• **WHAT IS EXPECTED**
Skip the pictures and give back the rest of the listing exactly.

• **DATA EXCERPT**
◆ ◆ ◆ ◆ ◆

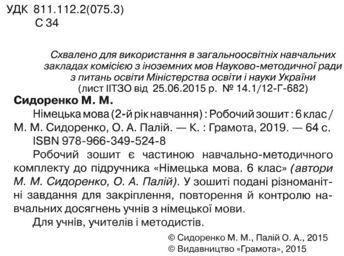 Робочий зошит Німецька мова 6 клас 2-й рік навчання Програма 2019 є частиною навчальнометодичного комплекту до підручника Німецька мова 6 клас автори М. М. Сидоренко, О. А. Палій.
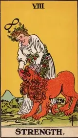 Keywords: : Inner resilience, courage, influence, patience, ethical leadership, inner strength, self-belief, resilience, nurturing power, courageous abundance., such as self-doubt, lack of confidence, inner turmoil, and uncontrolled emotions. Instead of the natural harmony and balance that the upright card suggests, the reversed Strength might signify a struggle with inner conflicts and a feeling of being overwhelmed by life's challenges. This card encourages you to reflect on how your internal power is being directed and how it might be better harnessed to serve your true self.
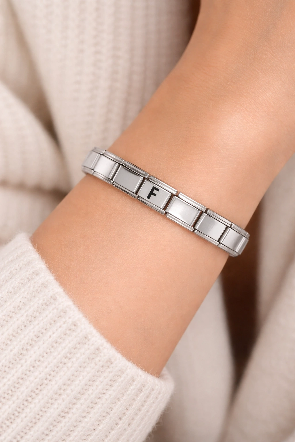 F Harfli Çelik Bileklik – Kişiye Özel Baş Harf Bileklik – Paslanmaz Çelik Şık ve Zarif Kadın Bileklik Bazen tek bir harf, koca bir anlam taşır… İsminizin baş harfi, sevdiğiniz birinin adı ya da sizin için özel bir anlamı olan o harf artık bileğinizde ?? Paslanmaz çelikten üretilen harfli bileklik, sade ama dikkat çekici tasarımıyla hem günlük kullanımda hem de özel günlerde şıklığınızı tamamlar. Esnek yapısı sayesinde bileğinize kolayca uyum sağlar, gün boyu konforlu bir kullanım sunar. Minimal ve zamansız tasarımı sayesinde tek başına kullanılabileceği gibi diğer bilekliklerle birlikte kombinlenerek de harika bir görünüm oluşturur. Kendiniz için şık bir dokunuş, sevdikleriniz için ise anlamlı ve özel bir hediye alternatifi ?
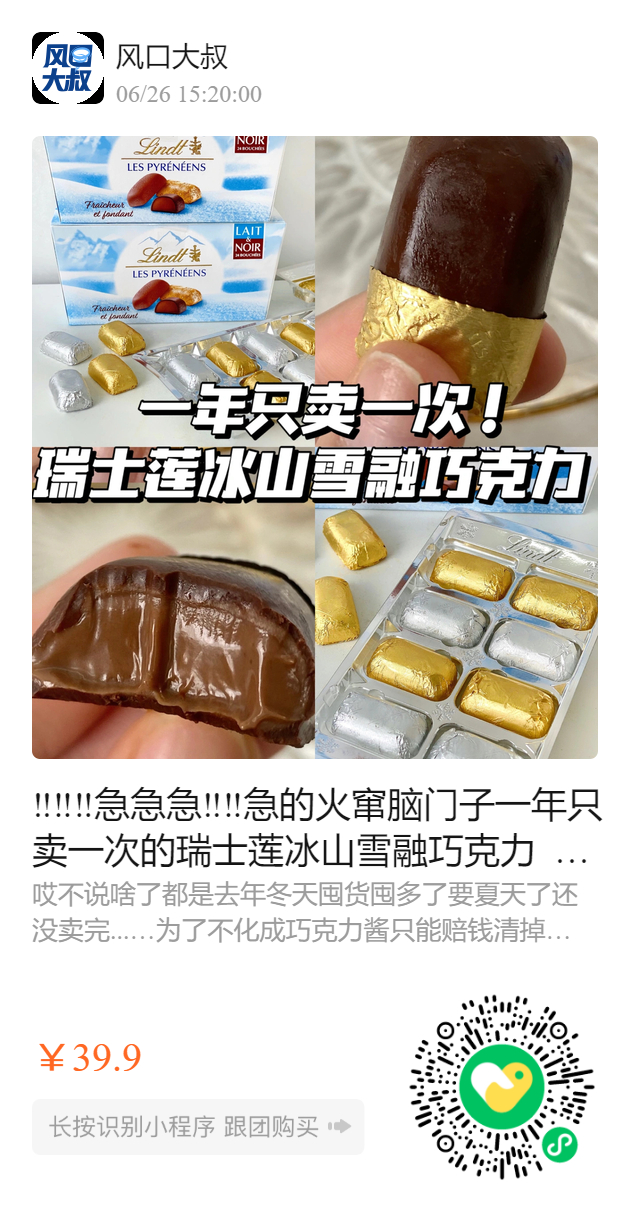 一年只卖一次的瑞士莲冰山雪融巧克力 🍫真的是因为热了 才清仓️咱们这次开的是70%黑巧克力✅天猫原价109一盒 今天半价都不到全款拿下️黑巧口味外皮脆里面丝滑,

◆ ◆ ◆ ◆ ◆

• **RESPONSE AREA**
 Робочий зошит Німецька мова 6 клас 2-й рік навчання Програма 2019 є частиною навчальнометодичного комплекту до підручника Німецька мова 6 клас автори М. М. Сидоренко, О. А. Палій.
 Keywords: : Inner resilience, courage, influence, patience, ethical leadership, inner strength, self-belief, resilience, nurturing power, courageous abundance., such as self-doubt, lack of confidence, inner turmoil, and uncontrolled emotions. Instead of the natural harmony and balance that the upright card suggests, the reversed Strength might signify a struggle with inner conflicts and a feeling of being overwhelmed by life's challenges. This card encourages you to reflect on how your internal power is being directed and how it might be better harnessed to serve your true self.
 F Harfli Çelik Bileklik – Kişiye Özel Baş Harf Bileklik – Paslanmaz Çelik Şık ve Zarif Kadın Bileklik Bazen tek bir harf, koca bir anlam taşır… İsminizin baş harfi, sevdiğiniz birinin adı ya da sizin için özel bir anlamı olan o harf artık bileğinizde ?? Paslanmaz çelikten üretilen harfli bileklik, sade ama dikkat çekici tasarımıyla hem günlük kullanımda hem de özel günlerde şıklığınızı tamamlar. Esnek yapısı sayesinde bileğinize kolayca uyum sağlar, gün boyu konforlu bir kullanım sunar. Minimal ve zamansız tasarımı sayesinde tek başına kullanılabileceği gibi diğer bilekliklerle birlikte kombinlenerek de harika bir görünüm oluşturur. Kendiniz için şık bir dokunuş, sevdikleriniz için ise anlamlı ve özel bir hediye alternatifi ?
 一年只卖一次的瑞士莲冰山雪融巧克力 🍫真的是因为热了 才清仓️咱们这次开的是70%黑巧克力✅天猫原价109一盒 今天半价都不到全款拿下️黑巧口味外皮脆里面丝滑,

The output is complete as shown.